• PROBLEM DESCRIPTION
What is needed is an exact copy of the lines in the listing below, from the one with "OLA es una sandalia" up to and including the one with "Спікер – в.", with no other lines.

• INPUT DATA
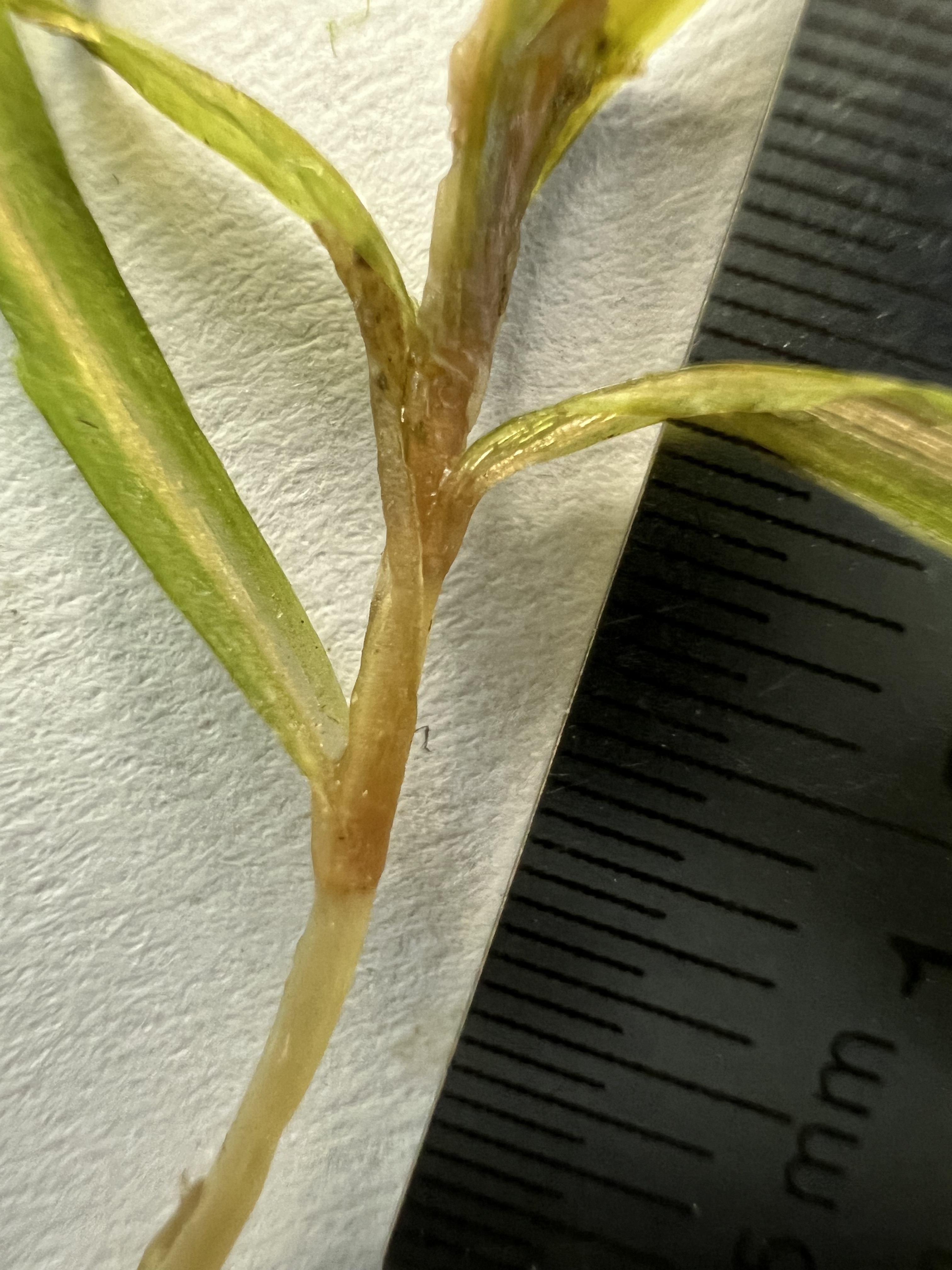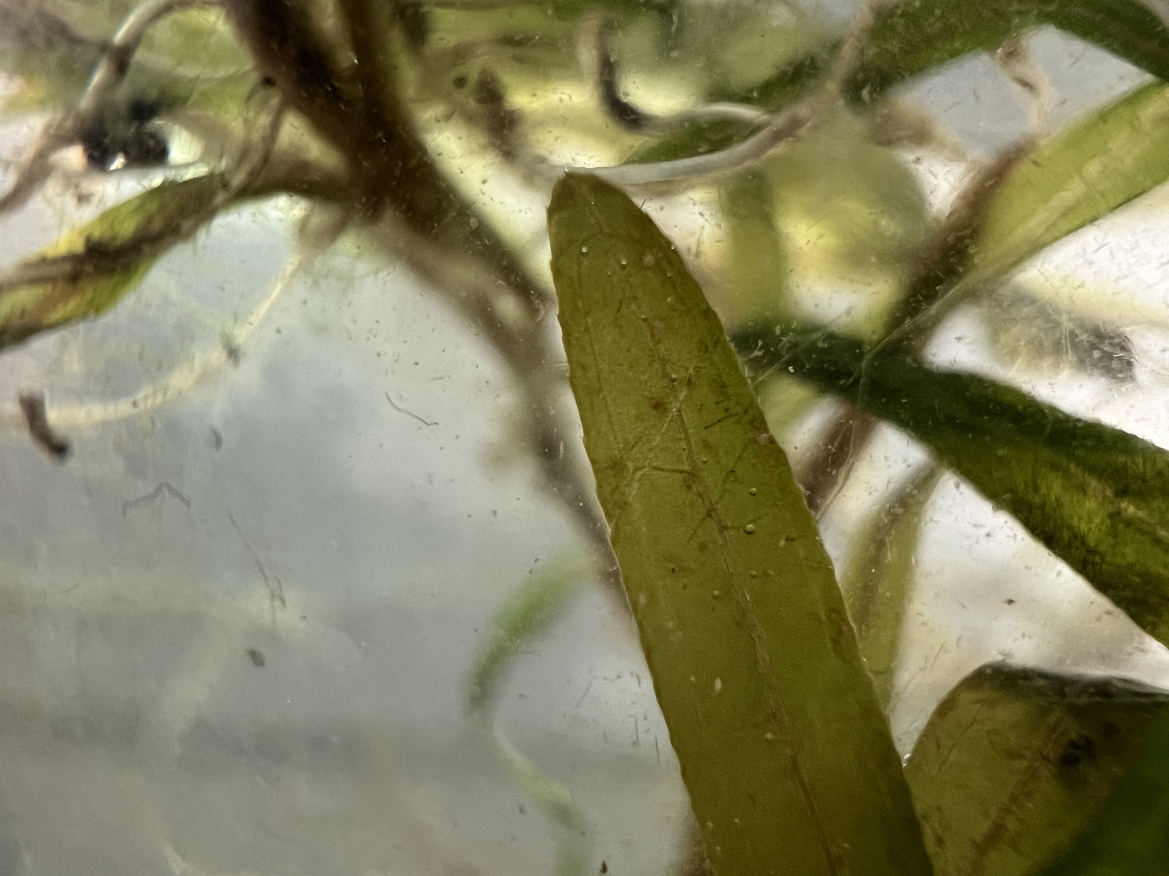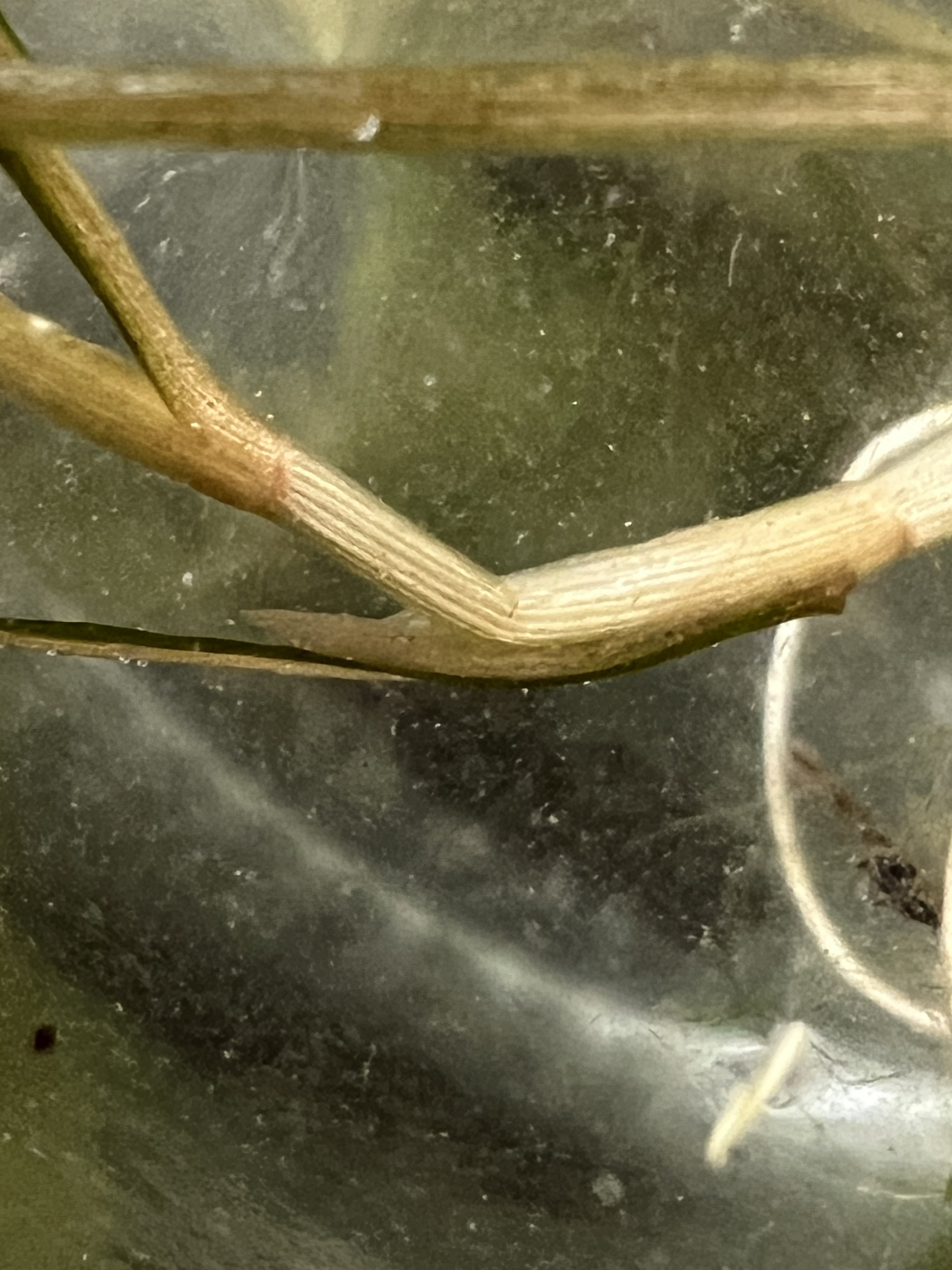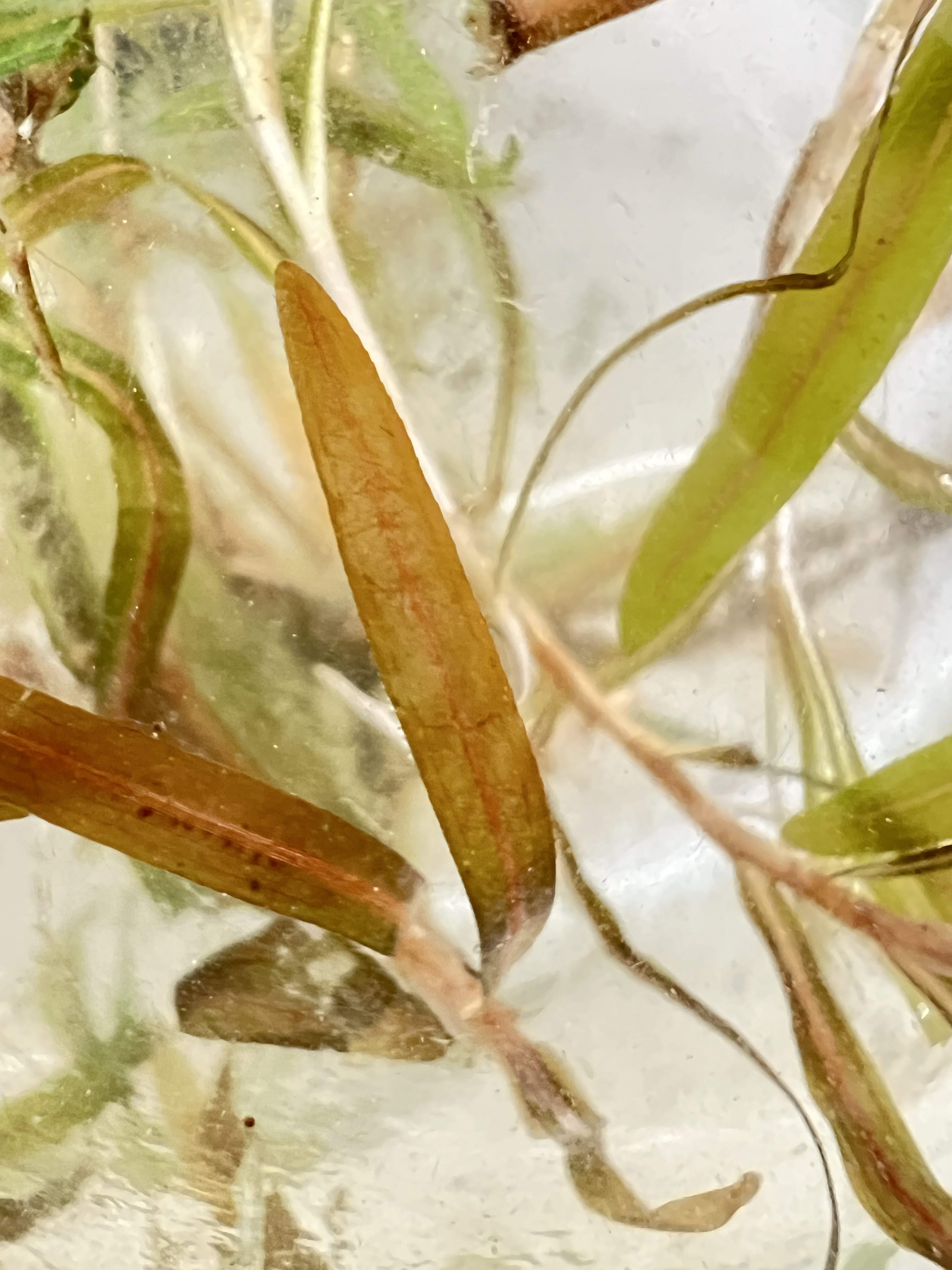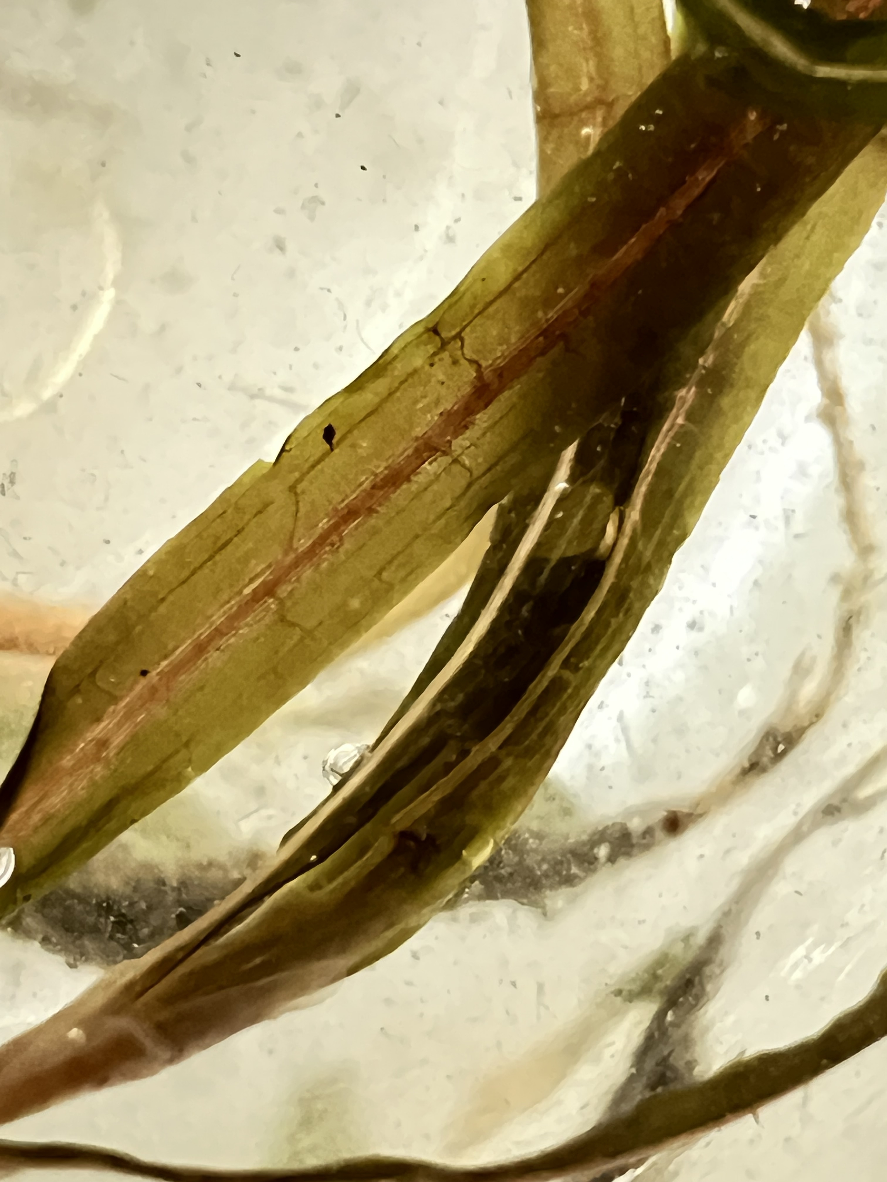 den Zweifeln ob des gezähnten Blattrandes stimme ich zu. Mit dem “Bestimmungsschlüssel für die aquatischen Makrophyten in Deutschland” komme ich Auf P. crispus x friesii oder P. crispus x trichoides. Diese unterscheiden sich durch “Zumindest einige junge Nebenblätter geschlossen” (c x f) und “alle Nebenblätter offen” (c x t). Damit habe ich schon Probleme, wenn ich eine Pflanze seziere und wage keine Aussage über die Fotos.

--

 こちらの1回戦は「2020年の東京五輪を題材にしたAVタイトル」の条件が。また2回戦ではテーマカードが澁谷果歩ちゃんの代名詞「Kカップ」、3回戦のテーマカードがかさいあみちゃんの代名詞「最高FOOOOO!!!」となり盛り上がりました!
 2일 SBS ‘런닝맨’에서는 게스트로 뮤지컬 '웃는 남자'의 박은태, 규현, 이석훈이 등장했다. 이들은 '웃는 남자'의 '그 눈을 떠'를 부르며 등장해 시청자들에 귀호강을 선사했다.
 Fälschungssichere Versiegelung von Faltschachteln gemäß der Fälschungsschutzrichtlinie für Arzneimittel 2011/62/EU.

==

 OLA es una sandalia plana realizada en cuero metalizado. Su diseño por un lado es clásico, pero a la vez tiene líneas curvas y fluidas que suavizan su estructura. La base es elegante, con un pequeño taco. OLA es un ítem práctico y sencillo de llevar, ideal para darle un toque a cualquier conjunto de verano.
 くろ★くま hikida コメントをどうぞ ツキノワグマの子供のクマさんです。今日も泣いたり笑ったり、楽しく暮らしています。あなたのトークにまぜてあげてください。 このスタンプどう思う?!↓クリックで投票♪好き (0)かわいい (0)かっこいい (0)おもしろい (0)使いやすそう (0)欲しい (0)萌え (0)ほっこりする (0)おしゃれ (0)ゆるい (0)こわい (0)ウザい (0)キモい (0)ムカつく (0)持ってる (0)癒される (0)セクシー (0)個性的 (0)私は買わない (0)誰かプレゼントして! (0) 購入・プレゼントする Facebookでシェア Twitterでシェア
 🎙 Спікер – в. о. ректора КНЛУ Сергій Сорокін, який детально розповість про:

• WORKED SOLUTION
 OLA es una sandalia plana realizada en cuero metalizado. Su diseño por un lado es clásico, pero a la vez tiene líneas curvas y fluidas que suavizan su estructura. La base es elegante, con un pequeño taco. OLA es un ítem práctico y sencillo de llevar, ideal para darle un toque a cualquier conjunto de verano.
 くろ★くま hikida コメントをどうぞ ツキノワグマの子供のクマさんです。今日も泣いたり笑ったり、楽しく暮らしています。あなたのトークにまぜてあげてください。 このスタンプどう思う?!↓クリックで投票♪好き (0)かわいい (0)かっこいい (0)おもしろい (0)使いやすそう (0)欲しい (0)萌え (0)ほっこりする (0)おしゃれ (0)ゆるい (0)こわい (0)ウザい (0)キモい (0)ムカつく (0)持ってる (0)癒される (0)セクシー (0)個性的 (0)私は買わない (0)誰かプレゼントして! (0) 購入・プレゼントする Facebookでシェア Twitterでシェア
 🎙 Спікер – в. о. ректора КНЛУ Сергій Сорокін, який детально розповість про:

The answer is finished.